Work instructions:
Only the pictures should be left out; repeat the rest of the data exactly.

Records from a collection
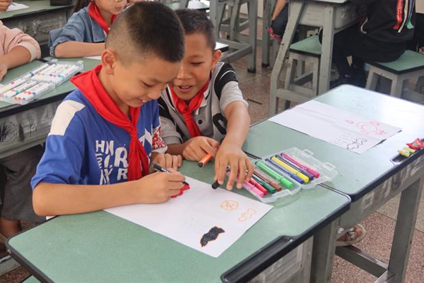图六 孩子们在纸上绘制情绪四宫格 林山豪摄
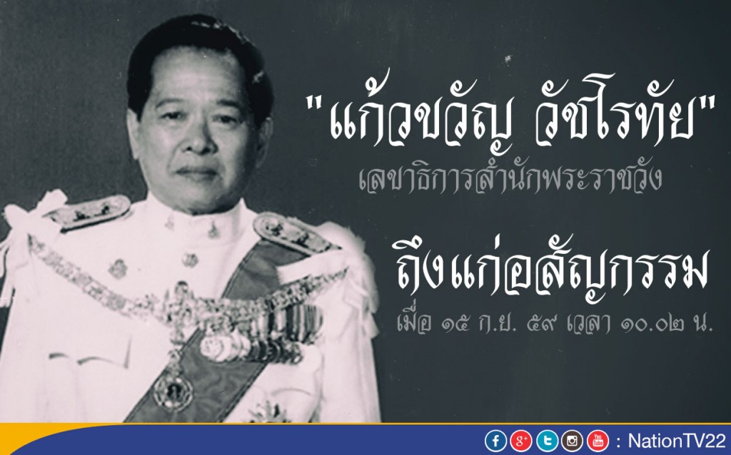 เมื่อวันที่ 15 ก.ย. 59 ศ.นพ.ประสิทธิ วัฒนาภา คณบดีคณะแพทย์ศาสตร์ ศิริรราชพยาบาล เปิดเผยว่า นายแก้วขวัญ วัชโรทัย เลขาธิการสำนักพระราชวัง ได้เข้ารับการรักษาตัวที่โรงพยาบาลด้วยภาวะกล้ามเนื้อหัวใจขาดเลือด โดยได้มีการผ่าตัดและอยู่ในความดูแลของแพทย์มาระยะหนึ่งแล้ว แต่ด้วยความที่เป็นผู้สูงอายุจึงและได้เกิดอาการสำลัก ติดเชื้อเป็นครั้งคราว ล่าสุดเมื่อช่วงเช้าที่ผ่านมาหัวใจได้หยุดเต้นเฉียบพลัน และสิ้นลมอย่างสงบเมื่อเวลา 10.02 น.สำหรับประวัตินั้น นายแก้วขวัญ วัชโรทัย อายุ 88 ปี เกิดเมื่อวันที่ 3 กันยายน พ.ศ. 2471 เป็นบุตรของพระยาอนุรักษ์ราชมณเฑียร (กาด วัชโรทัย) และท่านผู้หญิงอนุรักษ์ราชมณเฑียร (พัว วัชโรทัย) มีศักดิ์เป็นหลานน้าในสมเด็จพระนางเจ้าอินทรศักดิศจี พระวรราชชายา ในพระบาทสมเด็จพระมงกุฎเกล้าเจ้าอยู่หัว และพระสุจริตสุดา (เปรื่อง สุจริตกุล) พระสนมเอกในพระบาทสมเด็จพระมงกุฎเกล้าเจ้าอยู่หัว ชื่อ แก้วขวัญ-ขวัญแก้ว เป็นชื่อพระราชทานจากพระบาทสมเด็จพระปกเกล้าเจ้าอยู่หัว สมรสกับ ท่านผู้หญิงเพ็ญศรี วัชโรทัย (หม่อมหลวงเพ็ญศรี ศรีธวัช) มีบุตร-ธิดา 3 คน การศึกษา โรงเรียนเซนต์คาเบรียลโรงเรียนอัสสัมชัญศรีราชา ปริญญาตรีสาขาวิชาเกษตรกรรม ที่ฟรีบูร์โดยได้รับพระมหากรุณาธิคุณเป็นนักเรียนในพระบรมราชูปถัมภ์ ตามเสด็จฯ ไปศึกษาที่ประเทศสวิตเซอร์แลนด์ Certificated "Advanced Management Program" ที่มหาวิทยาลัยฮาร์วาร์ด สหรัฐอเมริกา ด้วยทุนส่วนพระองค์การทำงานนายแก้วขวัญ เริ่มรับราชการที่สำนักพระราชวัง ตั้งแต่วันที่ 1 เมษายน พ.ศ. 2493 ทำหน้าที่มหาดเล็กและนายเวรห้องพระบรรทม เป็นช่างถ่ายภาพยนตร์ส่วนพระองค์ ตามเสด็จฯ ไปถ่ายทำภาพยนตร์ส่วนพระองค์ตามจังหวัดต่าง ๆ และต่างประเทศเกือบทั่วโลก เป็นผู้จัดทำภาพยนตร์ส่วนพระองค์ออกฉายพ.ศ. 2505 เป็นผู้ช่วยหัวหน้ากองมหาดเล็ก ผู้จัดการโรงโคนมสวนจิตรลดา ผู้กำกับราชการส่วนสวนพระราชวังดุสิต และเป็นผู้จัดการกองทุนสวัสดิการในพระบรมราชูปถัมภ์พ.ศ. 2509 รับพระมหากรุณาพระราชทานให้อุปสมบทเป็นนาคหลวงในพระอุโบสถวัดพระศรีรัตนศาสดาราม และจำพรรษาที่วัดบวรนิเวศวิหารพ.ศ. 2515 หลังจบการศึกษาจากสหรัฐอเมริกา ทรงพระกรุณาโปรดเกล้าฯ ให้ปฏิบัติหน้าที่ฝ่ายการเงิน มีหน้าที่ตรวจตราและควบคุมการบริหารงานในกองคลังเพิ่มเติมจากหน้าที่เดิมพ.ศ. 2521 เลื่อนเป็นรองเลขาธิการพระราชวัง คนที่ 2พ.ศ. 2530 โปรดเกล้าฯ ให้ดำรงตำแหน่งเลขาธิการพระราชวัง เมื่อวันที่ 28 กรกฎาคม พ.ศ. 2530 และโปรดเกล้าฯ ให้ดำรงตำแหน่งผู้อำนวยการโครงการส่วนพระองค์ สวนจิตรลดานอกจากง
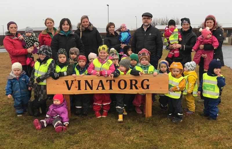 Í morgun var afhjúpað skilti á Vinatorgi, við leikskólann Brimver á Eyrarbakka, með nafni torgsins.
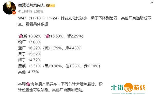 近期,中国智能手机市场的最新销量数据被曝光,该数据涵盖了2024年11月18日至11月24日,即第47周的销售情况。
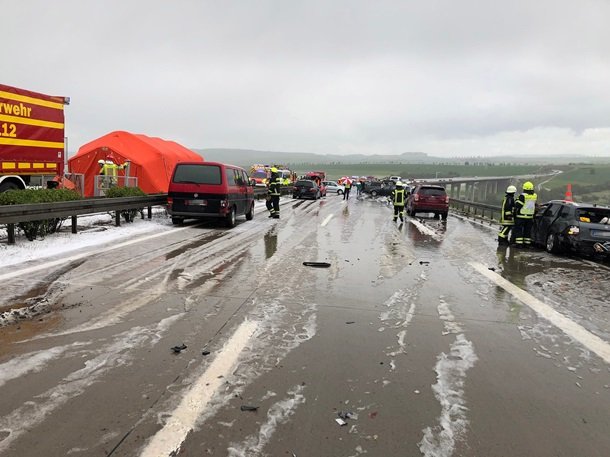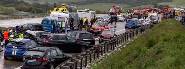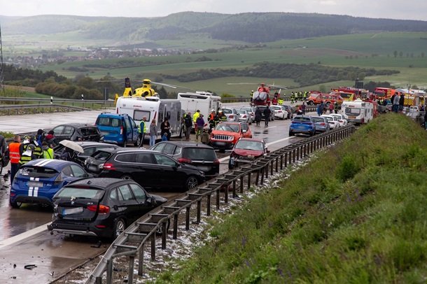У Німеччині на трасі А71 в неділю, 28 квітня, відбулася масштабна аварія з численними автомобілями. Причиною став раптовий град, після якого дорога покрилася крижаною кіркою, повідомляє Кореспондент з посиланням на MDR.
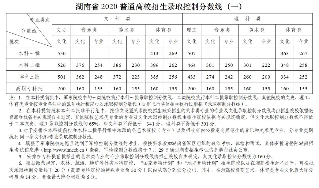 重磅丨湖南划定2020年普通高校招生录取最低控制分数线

Solution to this task:
图六 孩子们在纸上绘制情绪四宫格 林山豪摄
 เมื่อวันที่ 15 ก.ย. 59 ศ.นพ.ประสิทธิ วัฒนาภา คณบดีคณะแพทย์ศาสตร์ ศิริรราชพยาบาล เปิดเผยว่า นายแก้วขวัญ วัชโรทัย เลขาธิการสำนักพระราชวัง ได้เข้ารับการรักษาตัวที่โรงพยาบาลด้วยภาวะกล้ามเนื้อหัวใจขาดเลือด โดยได้มีการผ่าตัดและอยู่ในความดูแลของแพทย์มาระยะหนึ่งแล้ว แต่ด้วยความที่เป็นผู้สูงอายุจึงและได้เกิดอาการสำลัก ติดเชื้อเป็นครั้งคราว ล่าสุดเมื่อช่วงเช้าที่ผ่านมาหัวใจได้หยุดเต้นเฉียบพลัน และสิ้นลมอย่างสงบเมื่อเวลา 10.02 น.สำหรับประวัตินั้น นายแก้วขวัญ วัชโรทัย อายุ 88 ปี เกิดเมื่อวันที่ 3 กันยายน พ.ศ. 2471 เป็นบุตรของพระยาอนุรักษ์ราชมณเฑียร (กาด วัชโรทัย) และท่านผู้หญิงอนุรักษ์ราชมณเฑียร (พัว วัชโรทัย) มีศักดิ์เป็นหลานน้าในสมเด็จพระนางเจ้าอินทรศักดิศจี พระวรราชชายา ในพระบาทสมเด็จพระมงกุฎเกล้าเจ้าอยู่หัว และพระสุจริตสุดา (เปรื่อง สุจริตกุล) พระสนมเอกในพระบาทสมเด็จพระมงกุฎเกล้าเจ้าอยู่หัว ชื่อ แก้วขวัญ-ขวัญแก้ว เป็นชื่อพระราชทานจากพระบาทสมเด็จพระปกเกล้าเจ้าอยู่หัว สมรสกับ ท่านผู้หญิงเพ็ญศรี วัชโรทัย (หม่อมหลวงเพ็ญศรี ศรีธวัช) มีบุตร-ธิดา 3 คน การศึกษา โรงเรียนเซนต์คาเบรียลโรงเรียนอัสสัมชัญศรีราชา ปริญญาตรีสาขาวิชาเกษตรกรรม ที่ฟรีบูร์โดยได้รับพระมหากรุณาธิคุณเป็นนักเรียนในพระบรมราชูปถัมภ์ ตามเสด็จฯ ไปศึกษาที่ประเทศสวิตเซอร์แลนด์ Certificated "Advanced Management Program" ที่มหาวิทยาลัยฮาร์วาร์ด สหรัฐอเมริกา ด้วยทุนส่วนพระองค์การทำงานนายแก้วขวัญ เริ่มรับราชการที่สำนักพระราชวัง ตั้งแต่วันที่ 1 เมษายน พ.ศ. 2493 ทำหน้าที่มหาดเล็กและนายเวรห้องพระบรรทม เป็นช่างถ่ายภาพยนตร์ส่วนพระองค์ ตามเสด็จฯ ไปถ่ายทำภาพยนตร์ส่วนพระองค์ตามจังหวัดต่าง ๆ และต่างประเทศเกือบทั่วโลก เป็นผู้จัดทำภาพยนตร์ส่วนพระองค์ออกฉายพ.ศ. 2505 เป็นผู้ช่วยหัวหน้ากองมหาดเล็ก ผู้จัดการโรงโคนมสวนจิตรลดา ผู้กำกับราชการส่วนสวนพระราชวังดุสิต และเป็นผู้จัดการกองทุนสวัสดิการในพระบรมราชูปถัมภ์พ.ศ. 2509 รับพระมหากรุณาพระราชทานให้อุปสมบทเป็นนาคหลวงในพระอุโบสถวัดพระศรีรัตนศาสดาราม และจำพรรษาที่วัดบวรนิเวศวิหารพ.ศ. 2515 หลังจบการศึกษาจากสหรัฐอเมริกา ทรงพระกรุณาโปรดเกล้าฯ ให้ปฏิบัติหน้าที่ฝ่ายการเงิน มีหน้าที่ตรวจตราและควบคุมการบริหารงานในกองคลังเพิ่มเติมจากหน้าที่เดิมพ.ศ. 2521 เลื่อนเป็นรองเลขาธิการพระราชวัง คนที่ 2พ.ศ. 2530 โปรดเกล้าฯ ให้ดำรงตำแหน่งเลขาธิการพระราชวัง เมื่อวันที่ 28 กรกฎาคม พ.ศ. 2530 และโปรดเกล้าฯ ให้ดำรงตำแหน่งผู้อำนวยการโครงการส่วนพระองค์ สวนจิตรลดานอกจากง
 Í morgun var afhjúpað skilti á Vinatorgi, við leikskólann Brimver á Eyrarbakka, með nafni torgsins.
 近期,中国智能手机市场的最新销量数据被曝光,该数据涵盖了2024年11月18日至11月24日,即第47周的销售情况。
У Німеччині на трасі А71 в неділю, 28 квітня, відбулася масштабна аварія з численними автомобілями. Причиною став раптовий град, після якого дорога покрилася крижаною кіркою, повідомляє Кореспондент з посиланням на MDR.
 重磅丨湖南划定2020年普通高校招生录取最低控制分数线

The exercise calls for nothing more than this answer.